The most boring advice is the most effective: drink more water. But it’s not just "water." You want your urine to be almost clear.
Dietary changes are nuanced. Many people think they should stop eating calcium. That is actually a mistake. If you don't eat enough calcium, the oxalate in your gut has nothing to bind to, so it travels to your kidneys instead. You want to eat calcium with oxalate-rich foods (like spinach or beets) so they bind in the stomach, not the kidneys.
Watch the salt, too. Sodium forces your kidneys to leak more calcium into the urine, which is basically providing the raw materials for a new stone.
Actionable Steps for the "Stoned"
If you suspect you're dealing with a stone right now, or you've just finished the ordeal, here is the roadmap:
- Strain your urine. If you pass the stone at home, catch it. A lab can analyze its composition. Knowing if it's calcium oxalate vs. uric acid changes your entire prevention strategy.

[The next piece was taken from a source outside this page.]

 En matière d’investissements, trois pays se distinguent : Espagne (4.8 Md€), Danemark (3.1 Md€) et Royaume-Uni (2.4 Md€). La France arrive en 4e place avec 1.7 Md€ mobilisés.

- Request a 24-hour urine collection. Once the crisis is over, this test measures exactly what's going on in your chemistry. It's the only way to know if your body is dumping too much salt or not enough citrate (a natural stone-inhibitor).

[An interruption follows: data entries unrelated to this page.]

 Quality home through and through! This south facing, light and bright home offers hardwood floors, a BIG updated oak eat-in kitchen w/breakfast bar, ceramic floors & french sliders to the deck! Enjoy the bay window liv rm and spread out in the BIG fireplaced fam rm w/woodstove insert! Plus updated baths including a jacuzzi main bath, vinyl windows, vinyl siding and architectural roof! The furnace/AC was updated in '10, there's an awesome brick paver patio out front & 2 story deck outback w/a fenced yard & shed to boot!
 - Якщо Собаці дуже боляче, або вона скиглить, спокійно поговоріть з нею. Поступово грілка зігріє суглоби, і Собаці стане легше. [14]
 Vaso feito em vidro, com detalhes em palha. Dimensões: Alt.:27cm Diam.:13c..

- Check your supplements. High doses of Vitamin C can actually metabolize into oxalate. If you're a "mega-dose" person, you might be accidentally building stones.
- Add lemon to everything. Citrate is your best friend. Real lemon juice in your water helps prevent crystals from sticking together. It’s one of the few "home remedies" that actually has solid urological backing.
- Monitor for the "Triad of Trouble." If you have a stone and experience a fever over 101°F, uncontrollable vomiting, or an inability to urinate at all, stop reading and go to the ER. These are signs of an obstructed, infected kidney.
Dealing with what happens when you have kidney stones is a lesson in patience and pain management. It's a physical reminder that our internal chemistry is a delicate balance. Drink up, watch your salt, and keep an eye on those flank twinges.